Yes, Indiana Elite Team Indiana is now 0-for-5 in spring travel tournaments. Yes, the team that features future Hoosiers Yogi Ferrell, Hanner Perea, Jeremy Hollowell, Peter Jurkin and Ron Patterson has not satisfied those who want championship results.
After blowing out opponents on Saturday as part of the adidas May Classic, they got handled by Baylor LNO by 14 points Sunday morning to end their title run.
Does that mean they are over-rated or their coach, Mark Adams, can’t do the job?
Absolutely not.
The talent is good and will be better by the time it reaches college. Adams is a veteran coach who knows what he’s doing, but doesn’t have enough weapons to work with.
And that has been a problem.
A lot of these travel events become exercises in attrition. Teams might play as many as seven games in two days. You need a LOT of good players to get through that. You also need plenty of depth and guys staying healthy, which becomes difficult when you play so often against so many talented teams and players.
Jurkin hasn’t played this spring because of a shin stress fracture.

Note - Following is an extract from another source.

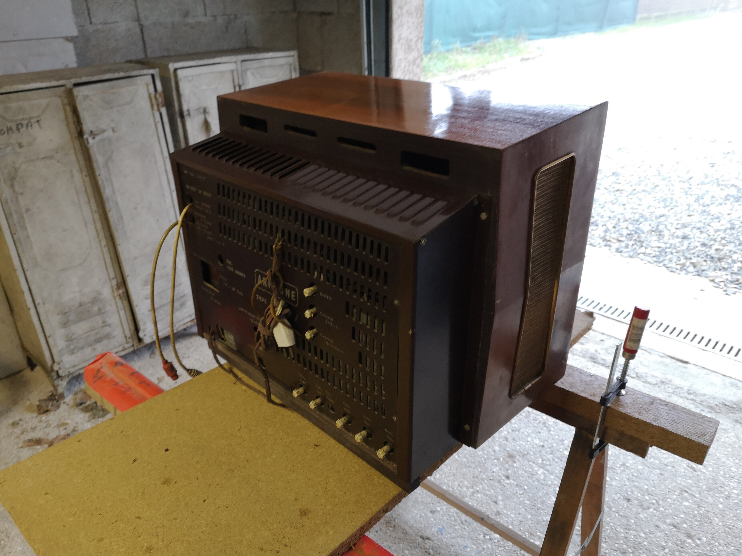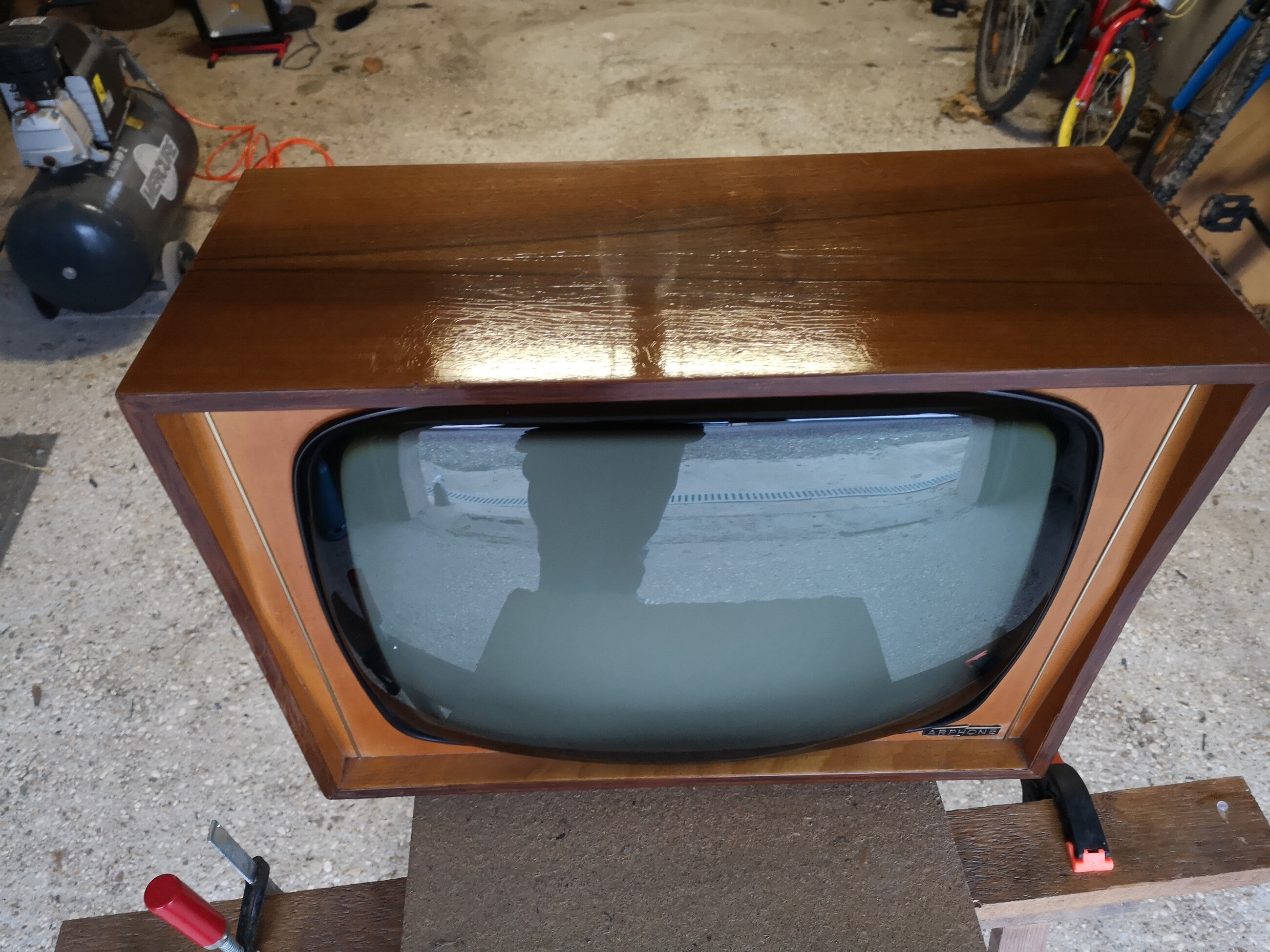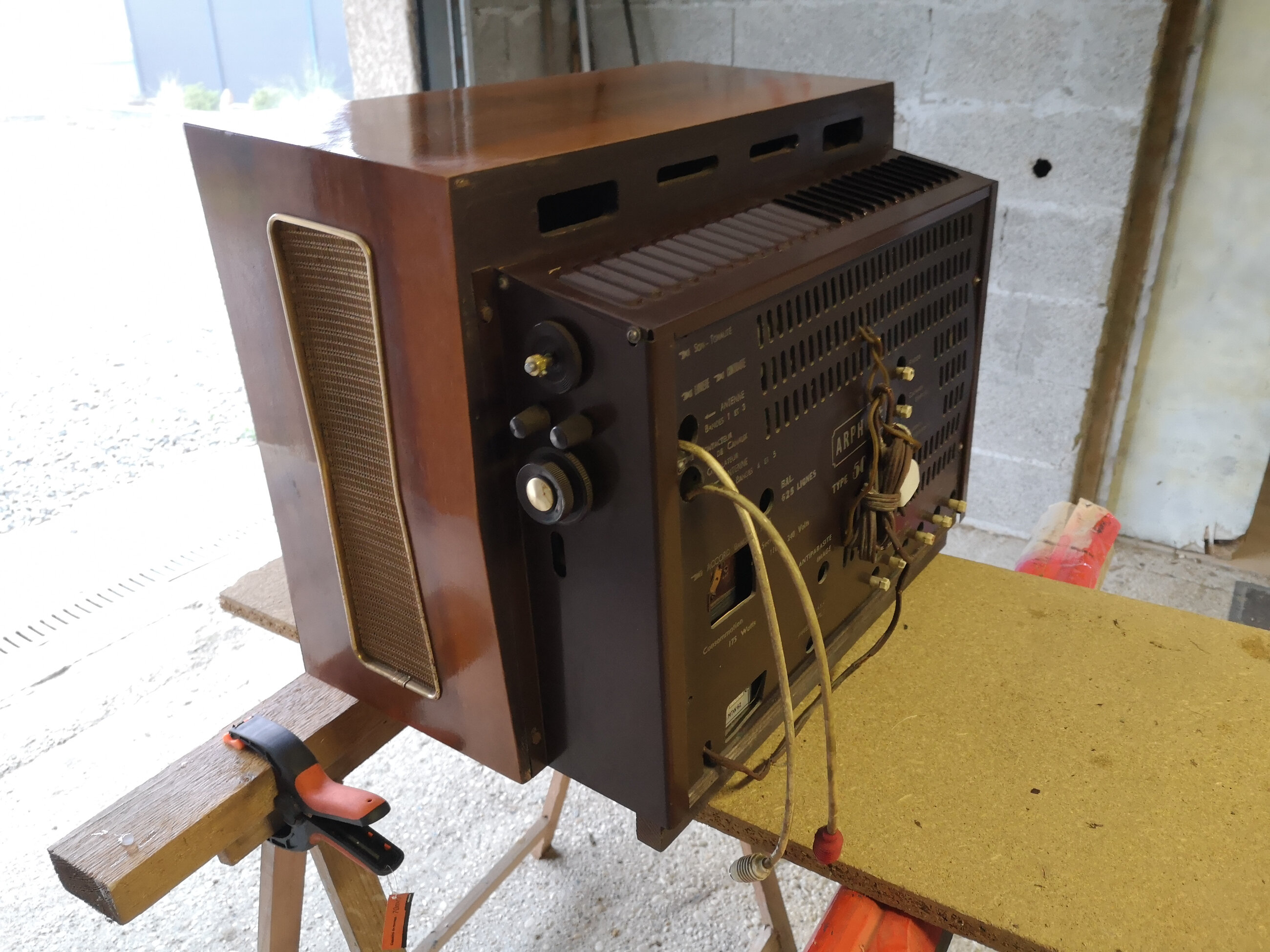 Les collectionneurs de TV ne sont pas très nombreux et ce n’est pas un poste vraiment recherché. En agrandissant les photos, on remarque toutefois que le vernis est pas mal craquelé. Cependant c’est un modèle de forme galbée concave assez atypique et je dirais qu’une cinquantaine d’ Euros est une valeur " standard" raisonnable.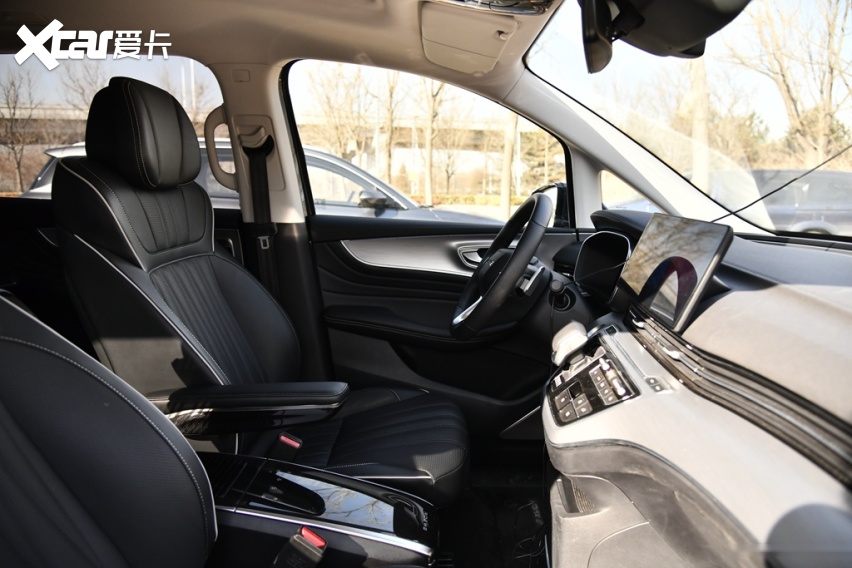 说完外观,内饰和空间才是MPV的精髓之处,如果内饰不好看,空间不够大,为什么选择它?我们拿到的试驾车内饰采用了全黑的设计,同时厂家还提供蓝白的内饰。中控台采用了向驾驶员倾斜的设计理念,从上到下层次感分明。中控台上方采用大量的搪塑材质,银色拉丝面板与之搭配,无论是做工还是用料符合主流水平。

Hollowell missed three weeks because of wrist and knee injuries. Patterson missed Saturday’s games because of the prom, although he played Sunday morning.
After the loss, Patterson took off his jersey and quickly left, later tweeting that he needs to find a new AAU team. That suggests a troubling lack of maturity that needs to be dealt with before he reaches college.
In the big picture, it’s all about developing these guys. That means skill and mental toughness. It means learning how to deal with adversity because they’re sure as heck going to face that, in sports and in life. Losing sucks, but sometimes it’s a blessing if you learn from it. That means persistence and determination and resolve.
A decade from now, few will remember how many travel tournaments these guys won. They will remember high school championships (even though most of these guys iinsist they like travel ball more than high school play) and, from an IU perspective, college achievements.
You can learn from everything, good and bad. The special ones do. If these guys are really special, this will toughen them. If not, well, there’s a Sylvester Stallone speech in the last Rocky movie, called “Rocky Balboa,” that really resonates. Yeah, it’s a bit overly dramatic and over the top, maybe Rocky isn’t where you go to find life perspective (isn’t that what Godfather I and II are for?), but that doesn’t mean it doesn’t ring true.
Okay, we admit it. We have tried this line with our 17-year-old son, with limited success because, in his mind, parents don’t know squat.
Anyway, Rocky is talking to his struggling son, who also thinks his dad doesn’t know squat. Rocky offers some passionate advice. He says life isn’t all “sunshine and rainbows.” He says that it’s “mean and nasty, and it will beat you to your knees and keep you there permanently if you let it.”
It includes this line, “It’s about how hard you can get hit and keep moving forward; it’s about how much you can take and keep moving forward.”
There’s plenty of opportunity for the Class of 2012 to move forward. Let’s hope they make the most of it.
*****
With or without Rocky, the 16U Eric Gordon All-Stars won an adidas May Classic title behind Collin Hartman, who had 19 points in Sunday’s title game. Yes, that’s the Indianapolis Cathedral sophomore who has committed to IU. Another Hoosier commitment from the Class of 2013, Devin Davis of Warren Central, added nine points while battling with a tweaked back.
The title didn’t come easy. They lost one pool game and had to rally from a 12-point deficit in another. Hartman said the key was picking up the intensity.
They obviously did.
*****
For those seeking insight into the college plans of Gary Harris, you’ll likely have to wait until November. The 6-4 guard, who is ranked No. 14 nationally by Scout.com, scored big in a couple of adidas May Classic losses (22 points in one game, 35 in another), but that wasn’t enough to get his D3 Pride team into Sunday’s action.
He isn’t ready to narrow down his list of schools -- which basically means that every quality program in America still has a chance -- or provide a decision timeline. He’s got June summer camp trips with his Hamilton Southeastern teammates, and then the July AAU circuit
The buzz is that Michigan State is the favorite, Indiana is in great position and Purdue is moving up fast, but that’s as etched in stone as an IU-basketball-player-is-transferring rumor. Ohio State, Kentucky, Xavier and Louisville also are in the mix. That doesn’t include the tantalizing possibility (although it’s become remote) that he would choose football and go to Notre Dame. He does play football for Hamilton Southeastern and is, to no one’s surprise, very, very good.
Hey, at least we’ll have plenty to talk and speculate about for the next six months.